Exercise goal:
Given the records below, would you repeat exactly the lines that begin at the one containing "Zdjęcia, Rzeka, Zima, Drzewa" and end at the one containing "Numéro de table", inclusive?

(Data entries)

# # # # # # #

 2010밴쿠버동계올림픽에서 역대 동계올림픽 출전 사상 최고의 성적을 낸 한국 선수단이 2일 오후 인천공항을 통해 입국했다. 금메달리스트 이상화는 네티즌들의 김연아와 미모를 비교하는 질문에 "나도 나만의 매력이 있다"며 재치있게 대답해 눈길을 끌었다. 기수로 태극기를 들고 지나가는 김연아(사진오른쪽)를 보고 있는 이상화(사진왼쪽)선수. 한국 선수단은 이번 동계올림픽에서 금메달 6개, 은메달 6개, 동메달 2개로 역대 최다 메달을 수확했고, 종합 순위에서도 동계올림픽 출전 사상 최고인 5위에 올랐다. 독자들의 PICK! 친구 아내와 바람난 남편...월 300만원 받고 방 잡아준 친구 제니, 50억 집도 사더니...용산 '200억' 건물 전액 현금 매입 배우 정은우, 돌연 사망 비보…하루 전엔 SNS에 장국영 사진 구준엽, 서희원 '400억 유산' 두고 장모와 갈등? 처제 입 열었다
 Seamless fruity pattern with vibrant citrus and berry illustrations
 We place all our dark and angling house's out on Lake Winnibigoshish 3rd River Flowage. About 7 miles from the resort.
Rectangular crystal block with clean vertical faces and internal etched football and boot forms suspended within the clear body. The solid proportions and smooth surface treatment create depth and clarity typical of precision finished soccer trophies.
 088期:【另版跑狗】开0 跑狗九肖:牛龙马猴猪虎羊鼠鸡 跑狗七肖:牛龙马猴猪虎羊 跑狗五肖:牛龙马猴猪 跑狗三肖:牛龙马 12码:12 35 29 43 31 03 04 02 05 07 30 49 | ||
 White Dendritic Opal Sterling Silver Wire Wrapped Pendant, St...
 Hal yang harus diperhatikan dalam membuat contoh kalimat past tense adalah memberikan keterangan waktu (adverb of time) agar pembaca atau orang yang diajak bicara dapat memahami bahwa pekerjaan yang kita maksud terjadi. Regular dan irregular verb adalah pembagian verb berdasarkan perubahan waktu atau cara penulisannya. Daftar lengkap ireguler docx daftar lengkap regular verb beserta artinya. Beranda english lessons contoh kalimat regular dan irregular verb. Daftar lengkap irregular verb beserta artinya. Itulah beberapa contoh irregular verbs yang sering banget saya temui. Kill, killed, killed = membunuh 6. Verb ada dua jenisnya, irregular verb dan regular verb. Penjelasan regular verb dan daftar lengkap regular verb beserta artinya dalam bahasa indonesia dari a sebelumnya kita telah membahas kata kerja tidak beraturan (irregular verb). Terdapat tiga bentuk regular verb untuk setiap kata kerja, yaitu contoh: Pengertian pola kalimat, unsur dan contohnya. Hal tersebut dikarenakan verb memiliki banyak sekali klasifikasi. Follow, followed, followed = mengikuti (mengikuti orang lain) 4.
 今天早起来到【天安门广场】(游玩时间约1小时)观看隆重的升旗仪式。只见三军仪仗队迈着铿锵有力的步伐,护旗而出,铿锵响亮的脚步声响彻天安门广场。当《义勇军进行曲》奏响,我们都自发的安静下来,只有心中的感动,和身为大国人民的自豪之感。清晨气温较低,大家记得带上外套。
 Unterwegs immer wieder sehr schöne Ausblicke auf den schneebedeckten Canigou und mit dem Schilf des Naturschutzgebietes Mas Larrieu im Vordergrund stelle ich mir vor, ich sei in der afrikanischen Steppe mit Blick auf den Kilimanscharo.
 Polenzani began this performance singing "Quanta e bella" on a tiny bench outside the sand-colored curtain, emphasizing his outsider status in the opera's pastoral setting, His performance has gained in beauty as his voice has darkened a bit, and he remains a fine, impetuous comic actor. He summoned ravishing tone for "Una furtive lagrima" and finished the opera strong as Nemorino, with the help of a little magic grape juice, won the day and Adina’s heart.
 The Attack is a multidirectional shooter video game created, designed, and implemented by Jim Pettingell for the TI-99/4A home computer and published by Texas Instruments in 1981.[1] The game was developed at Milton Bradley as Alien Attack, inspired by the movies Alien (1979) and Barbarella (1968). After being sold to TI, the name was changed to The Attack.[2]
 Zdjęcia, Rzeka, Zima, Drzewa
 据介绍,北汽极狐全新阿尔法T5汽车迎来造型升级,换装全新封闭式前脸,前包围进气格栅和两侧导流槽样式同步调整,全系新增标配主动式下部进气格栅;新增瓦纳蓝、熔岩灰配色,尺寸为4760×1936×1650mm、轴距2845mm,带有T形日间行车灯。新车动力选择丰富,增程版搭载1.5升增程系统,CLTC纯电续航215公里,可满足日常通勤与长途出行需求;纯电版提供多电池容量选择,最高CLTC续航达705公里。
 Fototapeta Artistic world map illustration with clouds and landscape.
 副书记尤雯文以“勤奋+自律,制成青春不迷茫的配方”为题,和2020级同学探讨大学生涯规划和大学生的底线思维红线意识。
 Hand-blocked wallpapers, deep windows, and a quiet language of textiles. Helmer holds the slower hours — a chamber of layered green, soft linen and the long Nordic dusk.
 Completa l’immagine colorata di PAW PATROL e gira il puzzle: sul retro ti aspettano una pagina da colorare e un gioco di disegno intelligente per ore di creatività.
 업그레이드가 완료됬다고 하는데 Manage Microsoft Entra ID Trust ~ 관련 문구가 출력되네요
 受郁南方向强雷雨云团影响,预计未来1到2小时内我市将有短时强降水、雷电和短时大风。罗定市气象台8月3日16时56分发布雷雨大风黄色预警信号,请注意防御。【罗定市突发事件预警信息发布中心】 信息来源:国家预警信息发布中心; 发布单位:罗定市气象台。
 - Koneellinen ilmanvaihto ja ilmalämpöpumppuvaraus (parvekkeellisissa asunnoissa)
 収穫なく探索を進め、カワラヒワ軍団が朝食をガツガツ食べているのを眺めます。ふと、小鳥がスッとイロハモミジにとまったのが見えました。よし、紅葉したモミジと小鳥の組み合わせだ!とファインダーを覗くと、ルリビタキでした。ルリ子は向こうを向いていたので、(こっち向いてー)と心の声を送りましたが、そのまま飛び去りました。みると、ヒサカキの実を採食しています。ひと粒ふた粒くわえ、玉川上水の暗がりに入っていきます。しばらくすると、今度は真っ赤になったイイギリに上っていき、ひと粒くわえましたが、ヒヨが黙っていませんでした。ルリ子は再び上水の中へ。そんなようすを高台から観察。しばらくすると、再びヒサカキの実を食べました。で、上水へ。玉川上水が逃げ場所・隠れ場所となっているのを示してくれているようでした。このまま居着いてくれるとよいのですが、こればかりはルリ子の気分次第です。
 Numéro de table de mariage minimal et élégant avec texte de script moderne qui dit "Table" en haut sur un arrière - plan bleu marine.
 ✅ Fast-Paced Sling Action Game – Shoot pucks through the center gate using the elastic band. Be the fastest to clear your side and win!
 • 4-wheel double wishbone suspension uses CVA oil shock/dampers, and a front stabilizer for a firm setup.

# # # # # # #

Result below:
 Zdjęcia, Rzeka, Zima, Drzewa
 据介绍,北汽极狐全新阿尔法T5汽车迎来造型升级,换装全新封闭式前脸,前包围进气格栅和两侧导流槽样式同步调整,全系新增标配主动式下部进气格栅;新增瓦纳蓝、熔岩灰配色,尺寸为4760×1936×1650mm、轴距2845mm,带有T形日间行车灯。新车动力选择丰富,增程版搭载1.5升增程系统,CLTC纯电续航215公里,可满足日常通勤与长途出行需求;纯电版提供多电池容量选择,最高CLTC续航达705公里。
 Fototapeta Artistic world map illustration with clouds and landscape.
 副书记尤雯文以“勤奋+自律,制成青春不迷茫的配方”为题,和2020级同学探讨大学生涯规划和大学生的底线思维红线意识。
 Hand-blocked wallpapers, deep windows, and a quiet language of textiles. Helmer holds the slower hours — a chamber of layered green, soft linen and the long Nordic dusk.
 Completa l’immagine colorata di PAW PATROL e gira il puzzle: sul retro ti aspettano una pagina da colorare e un gioco di disegno intelligente per ore di creatività.
 업그레이드가 완료됬다고 하는데 Manage Microsoft Entra ID Trust ~ 관련 문구가 출력되네요
 受郁南方向强雷雨云团影响,预计未来1到2小时内我市将有短时强降水、雷电和短时大风。罗定市气象台8月3日16时56分发布雷雨大风黄色预警信号,请注意防御。【罗定市突发事件预警信息发布中心】 信息来源:国家预警信息发布中心; 发布单位:罗定市气象台。
 - Koneellinen ilmanvaihto ja ilmalämpöpumppuvaraus (parvekkeellisissa asunnoissa)
 収穫なく探索を進め、カワラヒワ軍団が朝食をガツガツ食べているのを眺めます。ふと、小鳥がスッとイロハモミジにとまったのが見えました。よし、紅葉したモミジと小鳥の組み合わせだ!とファインダーを覗くと、ルリビタキでした。ルリ子は向こうを向いていたので、(こっち向いてー)と心の声を送りましたが、そのまま飛び去りました。みると、ヒサカキの実を採食しています。ひと粒ふた粒くわえ、玉川上水の暗がりに入っていきます。しばらくすると、今度は真っ赤になったイイギリに上っていき、ひと粒くわえましたが、ヒヨが黙っていませんでした。ルリ子は再び上水の中へ。そんなようすを高台から観察。しばらくすると、再びヒサカキの実を食べました。で、上水へ。玉川上水が逃げ場所・隠れ場所となっているのを示してくれているようでした。このまま居着いてくれるとよいのですが、こればかりはルリ子の気分次第です。
 Numéro de table de mariage minimal et élégant avec texte de script moderne qui dit "Table" en haut sur un arrière - plan bleu marine.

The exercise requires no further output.